Recent Colorado Appellate Court Case Defines Meaning Of "Other Records" Allowed For Inspection By Members

As we all know, Colorado law requires an association to allow its members access to association records.  Among other Colorado statutes, C.R.S. Section 38-33.3-317(2)(a) provides that "all financial and other records shall be made reasonably available for examination and copying by any unit owner and such owner's authorized agents." In Glenwright v. St.
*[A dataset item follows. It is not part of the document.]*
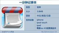 泡泡网iPhone频道11月10日 你是不是遇到过这种情况?脑子里突然灵机一动想出个好点子,想到个重要的事情,手忙脚乱,纸笔全无?如果经常有这种情况,那么以下这款小巧的软件就是为你准备的。 该应用目前限时免费,下载请点击这里 这款应用叫一分钟记事本,它可以快速的记录下你的创意和工作事项,一键发送到你的电子邮箱,而完成这一切大概只需要一分钟!。 应用的主要功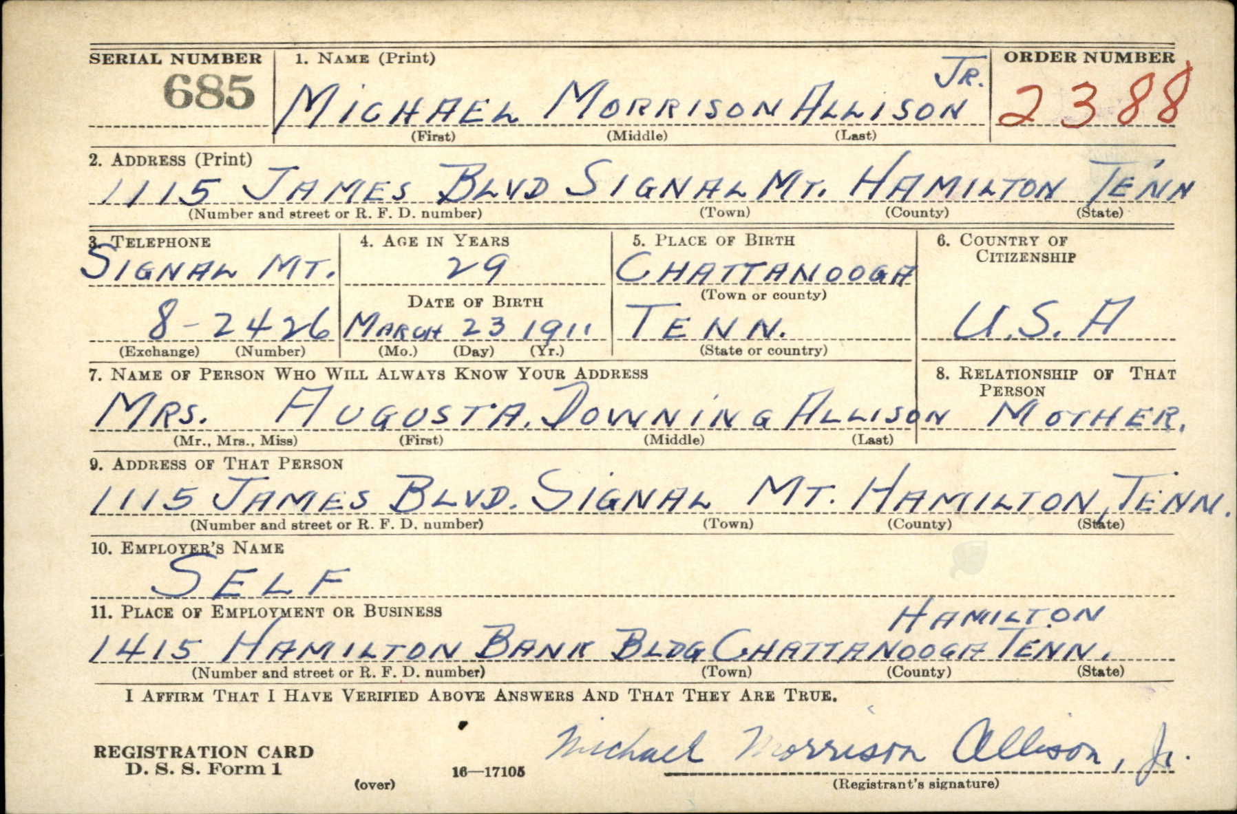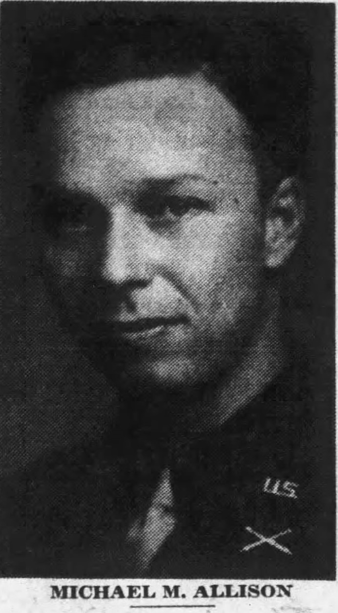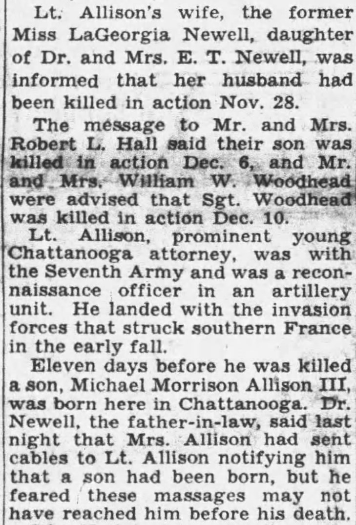 Lt. Michael M. Allison was killed in action in Europe. Lt. Allison’s wife, the former miss LaGeorgia Newell, daughter of Dr. And Mrs. E.. Newell, was informed that her husband had been killed in action Nov. 28. Lt. Allison, prominent young Chattanooga attorney, was with the Seventh Army and was a reconnassance officeer in an artillery unit. He landed with the invasion forces that struck southern France in early fall. Eleven days before he was killed a son, Michael Morrison Allison III, was born here in Chattaooga. Dr. Newell, the father-in-law, said last night that Mrs. Allison notifying him that a son had been born, but he feared these messages may nog have reached him before his death.

James Place Condominium Association, the Colorado Court of Appeals defined what the phrase "and other records" could mean.

In Glenwright, the owner argued that he was entitled access to records that were "owned by the association, but maintained by its managing agent".  The Colorado Court of Appeals agreed, and concluded that any records "owned or possessed" by an association clearly fall within the plain and ordinary meaning of "and other records."  The Court further stated that records in the possession of an association's agent (i.e., management company) are "other records" if they "reflect the activity of the agent in performing any of the association's powers or responsibilities under either CCIOA, the association's declaration or bylaws, or its agreement with that agent." The Court further stated that an association "owned" a particular record, if the management agreement recognizes that the records are among those owned by the association.
 
In summary, the Court stated that if a managing agent's records were "created, used, received, or maintained by the manager in the manager's performance of the association's statutory or contractual duties," C.R.S. 38-33.3-317 would require their production for inspection by a member.  This would be particularly true if the management contract recognizes that the records are "owned" by the association.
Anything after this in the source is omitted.